Isabella Malgioglio

Personal information
- Full name: Isabella Malgioglio
- Batting: Right-handed
- Bowling: Right-arm leg break
- Role: Bowler

Domestic team information
- 2022/23–present: New South Wales

Career statistics
| Competition | WLA | WT20 |
| Matches | 2 | 4 |
| Runs scored | 3 | 1 |
| Batting average | 3.00 | - |
| 100s/50s | 0/0 | 0/0 |
| Top score | 3 | 1* |
| Balls bowled | 102 | 60 |
| Wickets | 3 | 2 |
| Bowling average | 37.00 | 35.00 |
| 5 wickets in innings | 0 | 0 |
| 10 wickets in match | 0 | 0 |
| Best bowling | 2/58 | 1/21 |
| Catches/stumpings | 0/– | 0/- |
- Source: CricketArchive, 2 March 2023

= Isabella Malgioglio =

Australian cricketer

Isabella Malgioglio is an Australian cricketer who currently plays for New South Wales in the Women's National Cricket League (WNCL).

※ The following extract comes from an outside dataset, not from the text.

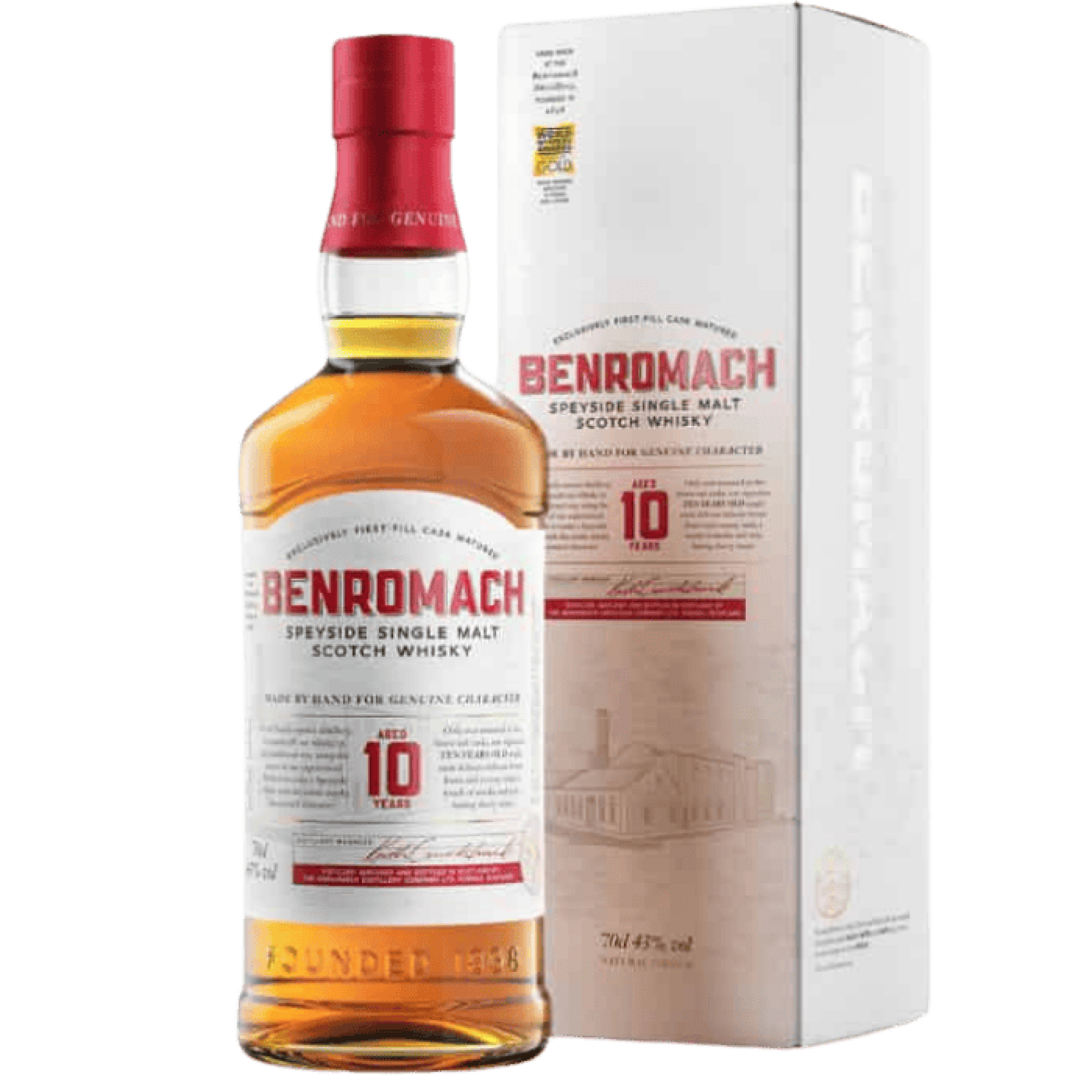 De Benromach 10 Years Old is een karaktervolle single malt uit Speyside, maar met een stijl die eerder herinnert aan de ‘old school’ Highland whisky’s van vroeger: licht geturfd, stevig van structuur en met veel diepgang. De whisky rijpt tien jaar op een combinatie van first-fill bourbonvaten (80%) en sherryvaten (20%), waarna een extra periode volgt op first fill oloroso sherry casks. Deze aanpak resulteert in een prachtige balans tussen rijp fruit moutige rijkdom, subtiele turfrook en een elegante kruidigheid. De spirit wordt langzaam gedistilleerd en met de hand vervaardigd in de kleine, traditionele stillhouse van Benromach in Forres waar alles draait om precisie en vakmanschap. Benromach 10 is toegankelijk, maar tegelijk diepgaand en authentiek en een whisky met persoonlijkheid, die zowel beginners als doorgewinterde liefhebbers aanspreekt. Ideaal als dagelijks dram.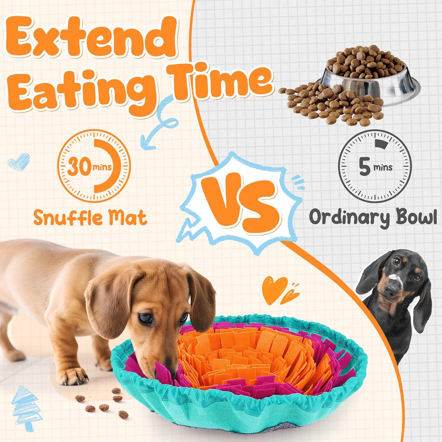 - Snuffle Mat for Natural Foraging Fun:The snuffle mat mimics grassy textures, encouraging dogs to sniff out hidden treats—just like natural foraging. It folds into a bowl for easy use at home or on the go, helping reduce boredom and build healthy habits

She plays as a right-arm leg break bowler.

==Domestic career==
Malgioglio plays grade cricket for Parramatta District Cricket Club.

In February 2023, Malgioglio was named in a New South Wales squad for the first time. She made her debut for the side on 10 February 2022, against Australian Capital Territory, where she took 2/58 from her 10 overs. She played one further match for the side that season, taking one more wicket.